In diesem Jahr nehmen sie erstmals nicht am Wettbewerb teil, weil das Format für die Jugendlichen nicht mehr passt. „Es ist immer ein Wechselbad der Gefühle, ob das, was sie gerade machen, auch beim Publikum ankommt”, beschreibt Ingo Schmitz die Situation und während den Auftritten. „Wir hatten schon Abende, an denen wir vier Auftritte hintereinander hatten und jedes Mal haben die Leute anders reagiert”, bestätigen auch Daniel und Peter, die ab und zu auch ihre eigenen Vorschläge mit in die vom Vater vorbereiteten Reden einbringen.

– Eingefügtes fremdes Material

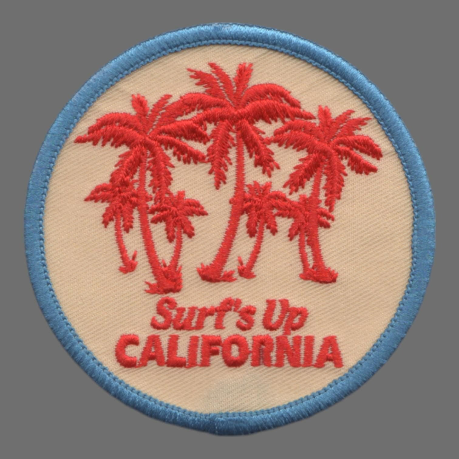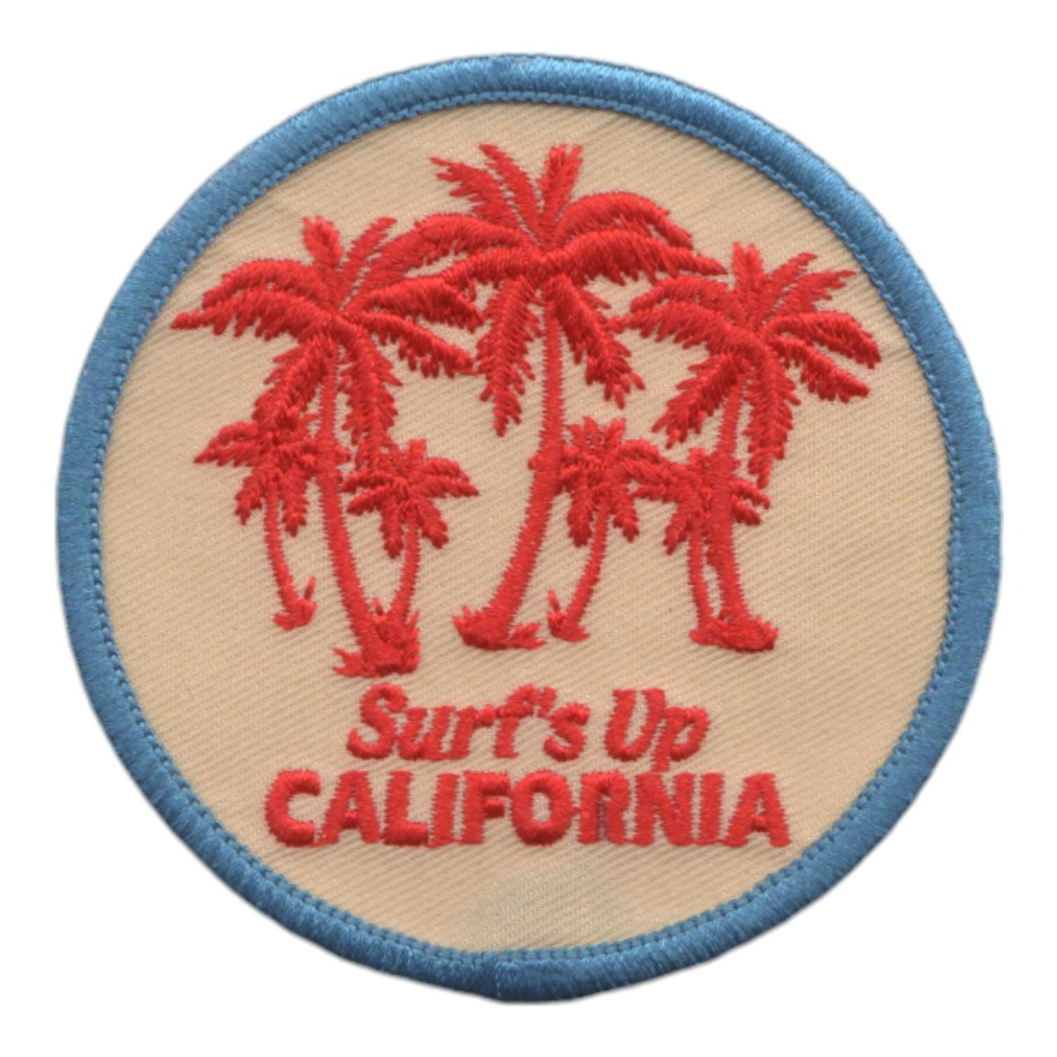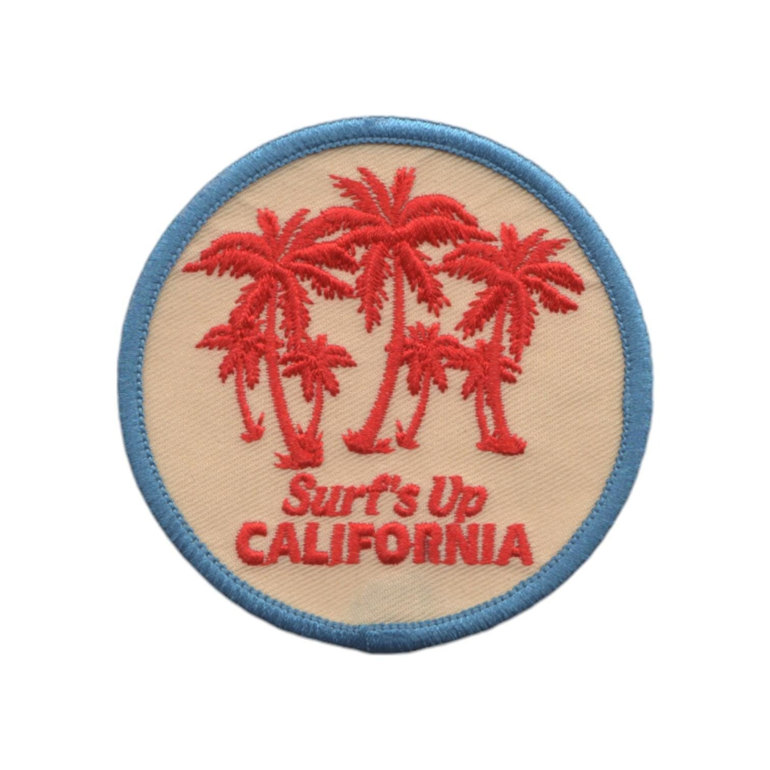 CA State Patch or Applique. Text says Surf's Up California and depicts palm trees.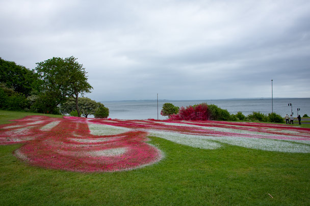 Det meget diskuterede Aros-kunstværk The Garden har delt vandene, og givet anledning til rigtig mange diskussioner. Men man kan også benytte lejligheden til at se Mindeparkens fantastiske rhododendroner som i øjeblikket blomstrer i fuld flor. Selom vejret var blæsende og overskyet kunne man også nyde sin frokost i det fri. Spotterfotograf Jens Ravn kom forbi og forevigede begge dele.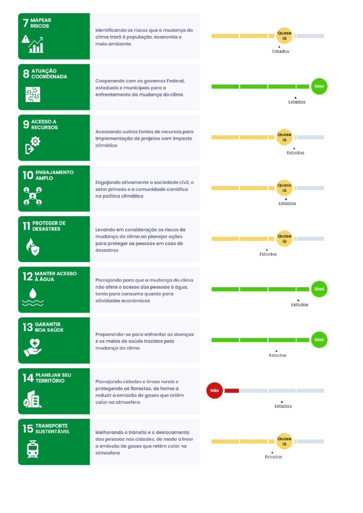 De acordo com o material, Santa Catarina integra o conjunto de estados avaliados quanto à existência de instrumentos de planejamento climático, iniciativas de redução de emissões, e ações voltadas à adaptação de setores sensíveis. O relatório também aponta que os dados do Estado agora estão consolidados no ClimaBrasil, permitindo acompanhar, de forma comparativa, o desempenho das unidades federativas brasileiras no enfrentamento à crise climática.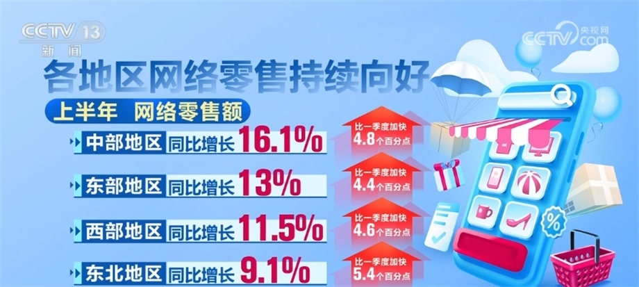 各地區(qū)網(wǎng)絡(luò)零售持續(xù)向好。上半年,中部、東部、西部和東北地區(qū)網(wǎng)絡(luò)零售額同比分別增長16.1%、13%、11.5%和9.1%,比一季度分別加快4.8、4.4、4.6和5.4個百分點。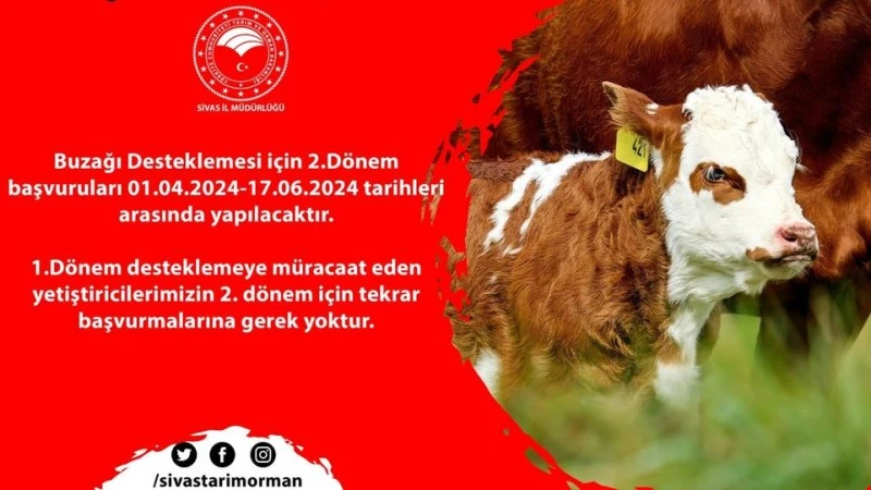 Sivas İl Tarım ve Orman Müdürlüğü sosyal medya hesabından yaptığı paylaşım ile 2023 yılı 2. Dönem buzağı destekleme başvurularının başladığını duyurdu.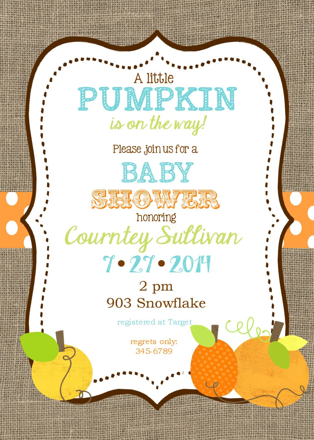 Pumpkin Baby Shower invitations printable or digital file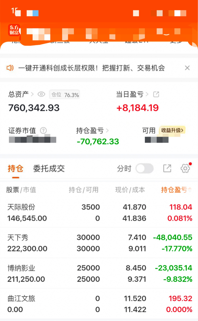 目前持有:$天下秀(SH600556)$ $天际股份(SZ002759)$ $博纳影业(SZ001330)$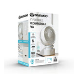This 4 inch portable rechargeable fan is built for convenient personal cooling wherever you need it most. Its compact desk fan design sits neatly on desks, tables and workspaces, making it a practical choice for home offices, study areas, bedside tables and small rooms where space matters. With 3 adjustable speed settings, you can fine tune airflow for light ventilation or stronger instant cool air performance when the temperature rises. The tilting fan head directs airflow up or down for targeted cooling, helping you stay comfortable without moving the whole unit. An 1800mAh rechargeable battery gives you cordless convenience, while the USB rechargeable design keeps charging simple and easy. A clear LED power light indicator shows operating and battery status at a glance, and the one button control keeps daily use straightforward. Finished in a clean, modern Daewoo style, it brings practical cooling and a tidy desktop look together in one compact unit.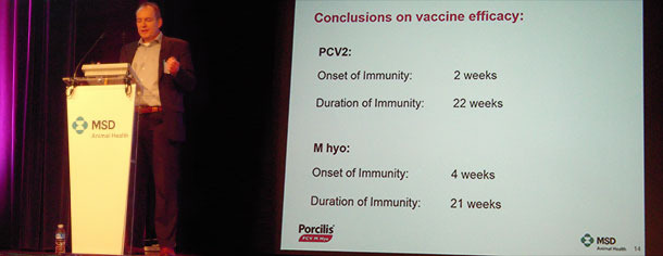 Sous le titre “Porcilis® PCV M hyo - It’s easy. It works” Michael Campbell, directeur marketing de Respig®, a débuté sa présentation, au travers de laquelle il a souligné les raisons d’utiliser ce vaccin.

„Wenn man nicht ankommt, dann macht es auch keinen Spaß”, erklärt Daniel weiter. „Aber wenn die Leute brüllen vor Lachen, dann haben wir unser Ziel erreicht und können auch stolz auf uns sein.”

Mutter Marlene, die eigentlich eher kein Karnevalsjeck ist, macht es nichts aus, wenn ihre drei Männer in der Weihnachtszeit neben dem Tannenbaum sitzen und ihre Büttenreden einstudieren, denn, so sagt sie, „ich fahre immer mit, auch wenn sie Auftritte in Gangelt, Baesweiler oder in Aachen haben, weil es einfach interessant ist und man immer wieder neue Dinge kennenlernt.”

Neue Dinge werden auch die Fans von Pitt und Pitterchen ab dem nächsten Jahr kennenlernen, denn für sie bricht mit dem Jugendalter auch eine neue Büttenredner-Ära an.